One tactic insurance companies use to circumvent bad faith liability is claiming that they reasonably relied on their experts’ reports to deny a claim. Texas law on bad faith states that an insurer breaches its duty of good faith when: (1) denies or delays payment of a claim for which liability is reasonably clear, and (2) the insurer knew or should have known that liability was reasonably clear. For that reason, you need a team like Roofing Professionals of Texas, because insurance companies often claim that because their retained experts decided that there was no valid insurance claim, liability was not reasonably clear and they should not be found liable for bad faith. Courts typically side with the facts of a case which require courts to doubt this argument, just as the Texas Supreme Court did in State Farm Lloyds vs. Nicolau, 951 S.W.2d 444 (Tex. 1997).

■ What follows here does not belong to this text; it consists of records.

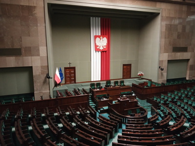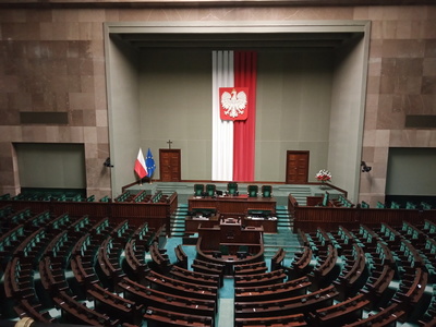 Rejestracja gości i skomplikowane procedury bezpieczeństwa mogły nieco zniechęcić wycieczkowiczów, tak się jednak nie stało. Zaraz po tym wkroczyliśmy w towarzystwie przewodniczki do budynku i po obejrzeniu wystawy informującej o historii siedziby władzy ustawodawczej, przeszliśmy do najbardziej znanej sali w polskiej polityce - Sali Posiedzeń Sejmu. Widzieć takie miejsce na żywo, to coś zupełnie innego niż transmisje telewizyjne. Chciałoby się powiedzieć, że jest dostojna i monumentalna. Bardzo odczuwało się w niej atmosferę czegoś reprezentacyjnego i doniosłego. Na miejscu wysłuchaliśmy krótkiego wykładu naszej przewodniczki i zrobiliśmy pamiątkowe zdjęcia.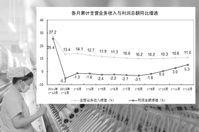 國家統(tǒng)計局27日發(fā)布,2012年全國規(guī)模以上工業(yè)企業(yè)實現(xiàn)利潤同比增長5.3%,12月當月增長17.3%。2011年12月全國規(guī)模以上工業(yè)企業(yè)實現(xiàn)利潤同比增長31.5%。經(jīng)濟學家分析認為,從2012年9月份開始,我國規(guī)模以上工業(yè)企業(yè)利潤連續(xù)4個月正增長,說明從短期看企業(yè)經(jīng)營情況在好轉(zhuǎn)。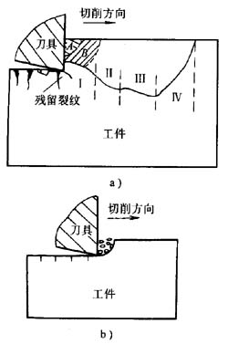 硬脆非金屬材料主要有工程陶瓷、玻璃及石材等。在使用金剛石刀具切削陶瓷時,可以觀察到被切削陶瓷在刀刃擠壓作用下,在刀刃附近產(chǎn)生裂紋,裂紋先向前下方擴展,深度超過切削深度,而后一邊前進(jìn)一邊向上方擴展,作后穿過工件上部的自由表面,此時形成較大的薄片狀切屑,并在切削表面上留下凹痕(見圖1-8a),這種情況稱之為大規(guī)模擠裂。如果從這種狀態(tài)下繼續(xù)切削,實際切除的只是崩碎后的殘留部分,這時發(fā)生小規(guī)模擠裂,生成切削表面上較平滑的部分(見圖1-8b)。另外,由于刀刃后方的材料內(nèi)存在拉應(yīng)力,所以在工件已加工表面上可能還會產(chǎn)生與表面大體相垂直的裂紋。在小規(guī)模擠裂發(fā)生以后,刀刃前方的材料就形成與切削表面近似垂直的形狀,切削深度再次變大,切削該部分材料時將再次發(fā)生大規(guī)模擠裂。大規(guī)模擠裂與小規(guī)模擠裂交替進(jìn)行,工件材料就這樣被逐步切開。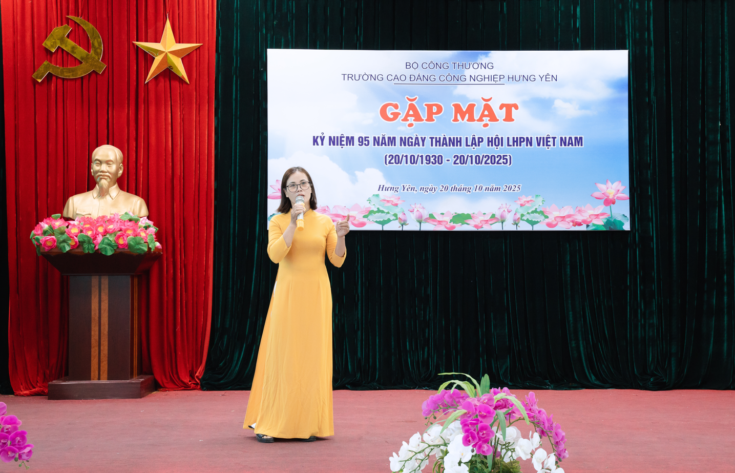 Tại buổi gặp mặt, các đại biểu đã cùng nhau ôn lại truyền thống 95 năm xây dựng và trưởng thành của Hội Liên hiệp Phụ nữ Việt Nam – tổ chức đại diện cho ý chí, nguyện vọng và quyền lợi chính đáng của phụ nữ cả nước và đã khẳng định vai trò quan trọng của phụ nữ trong sự nghiệp xây dựng và phát triển đất nước, cũng như trong sự phát triển chung của Trường Cao đẳng Công nghiệp Hưng Yên.
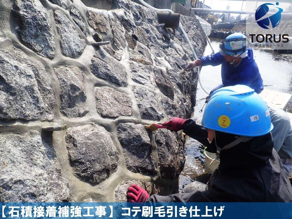 コテ・刷毛引きにて表面の仕上げを行います。

What happened was a homeowner filed a
lawsuit against its insurer for foundation and other structural damage that
resulted from a plumbing leak that introduced water into the clay subsoil. The
insurer retained an expert, HAAG Engineering¸ to conduct a study on the
homeowner’s claim. It was established in Nicolau that the insurer hired HAAG
Engineering with the belief that HAAG Engineering generally believed that leaks
beneath a house would not cause foundation movement. As expected, the HAAG
engineer concluded that there was no damage near the leak, but evidence showed
that his investigation was not thorough because: (1) he did not isolate the
leak; (2) he failed to determine the leak’s severity; and (3) he did not take
any soil samples. The HAAG report concluded that the plumbing leak had not
caused the damage, and the insurer denied the claim based on the HAAG report.
That claim reaffirmed the
long-established idea that insurance companies cannot expect their experts’
reports alone to shield them from bad faith liability.
Insurance companies commonly deny
claims. Here are some of the biggest rationales
of the insurance industry:
1. Routinely adjusts valid claims with a predisposition of denial instead of paying it.
2. They routinely obscure the truth to their insured(s).
3. They routinely low-ball their insured(s).
4. They routinely "drag their feet" in paying justified claims when all the facts and evidence merit prompt payment.
5. They routinely force their insured(s) into litigation - and why not? They have an army of attorneys in any given state and it's often cheaper to fight/deny the claim(s) than to pay it/them.
6. They routinely "force" their insured(s) to retain counsel to represent their interests in the litigation process.